Of course, we're not so shallow as to have good food be our only criteria for liking someone. I have enjoyed sitting with them both after meals and talking. And nothing is off limits. We discussed Middle Eastern politics, music, food (according to them the best falafel is in Jordan, though the falafel guy down the street says the best is his product), history, healthcare, and more. They are keen to learn English and have family members in America that don't live all that far from my hometown. We're all around the same age and we're all trying to get to the same place, which is basically in a position where we can help people and make a difference. The truth of cliché is evident: we're from two completely different places, but, as men, are not all that different.
Some of the conversations I've shared with my new Jordanian friends are versions of a common theme I've noticed since I came to Israel. OK, when you live in New York City, you talk about apartments and rent. When you live in DC, you talk politics. When you live in Boston, you talk about the Red Sox. Wherever you are, you always end up talking about the business of the place. In Israel (or at least the little bit I've experienced) the business is religion and everyone talks about it. In fact, the first night Justin and me ate with them, one of the Khaleds pointed out that we were two Muslims, one Jew, and one Christian, having a peaceful and happy meal together... a hopeful picture. This being Israel, religion and politics are bled together and such conversations have the potential of blowing up in your face. But the Jordanians and I have been able to discuss things as levelheaded folks, just wanting to understand each other.

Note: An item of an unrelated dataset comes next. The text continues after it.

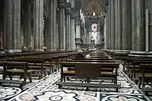 Visconti had ambitions to follow the newest trends in European architecture. In 1389, a French chief engineer, Nicolas de Bonaventure, was appointed, adding to the church its Rayonnant Gothic. Galeazzo gave the Fabbrica del Duomo exclusive use of the marble from the Candoglia quarry and exempted it from taxes. Ten years later another French architect, Jean Mignot, was called from Paris to judge and improve upon the work done, as the masons needed new technical aid to lift stones to an unprecedented height.[9] Mignot declared all the work done up until then as in pericolo di ruina ("peril of ruin"), as it had been done sine scienzia ("without science"). In the following years, Mignot's forecasts proved untrue, but they spurred Galeazzo's engineers to improve their instruments and techniques. However, relations between Gian Galeazzo and the top management of the factory (chosen by the citizens of Milan) were often tense: the lord (who in 1395 had become Duke of Milan) intended to transform the cathedral into the dynastic mausoleum of the Visconti, inserting the central part of the cathedral funeral monument of his father Galeazzo II and this met with strong opposition from both the factory and the Milanese, who wanted to underline their autonomy. A clash arose, which forced Gian Galeazzo to decide on the foundation of a new construction site intended exclusively for the Visconti dynasty: the Certosa di Pavia.[10] Work proceeded quickly, and at the death of Gian Galeazzo in 1402, almost half the cathedral was complete. Construction, however, stalled almost totally until 1480, for lack of money and ideas: the most notable works of this period were the tombs of Marco Carelli and Pope Martin V (1424) and the windows of the apse (1470s), of which those extant portray St. John the Evangelist, by Cristoforo de' Mottis, and Saint Eligius and San John of Damascus, both by Niccolò da Varallo. In 1452, under Francesco Sforza, the nave and the aisles were completed up to the sixth bay.

And we're all excited for that: to understand. We are all curious about each other and the places we come from. Not just the big things. The small ones too. Like, did you know that Jordan has Fuddrucker's? That's just one of the things I've learned from them. I've also learned that if a Jordanian wants you to eat another piece of pita covered in the rice and meat he just made, even though you've already had your fill, you must eat it. They, on the other hand, were excited to find out that Baba Ganoush is readily available in America and were quite impressed that I knew who King Hussein was.
It has been a blessed twist in my first few weeks here. They will be going to Jerusalem with us in a few days. They told me that if we have time, they want to go to Al Aqsa Mosque together so we can pray. I am looking forward to it.
Really, I don't wish I'd taken the stairs. If you take the stairs through life, sure, you're getting some good cardio and maybe you get a nice butt for your trouble. But, you don't get to yell poorly formed Hebrew sentences at people or live with paramedics from Jordan that take care of and feed you. That's my Ferris Bueller thought of the day.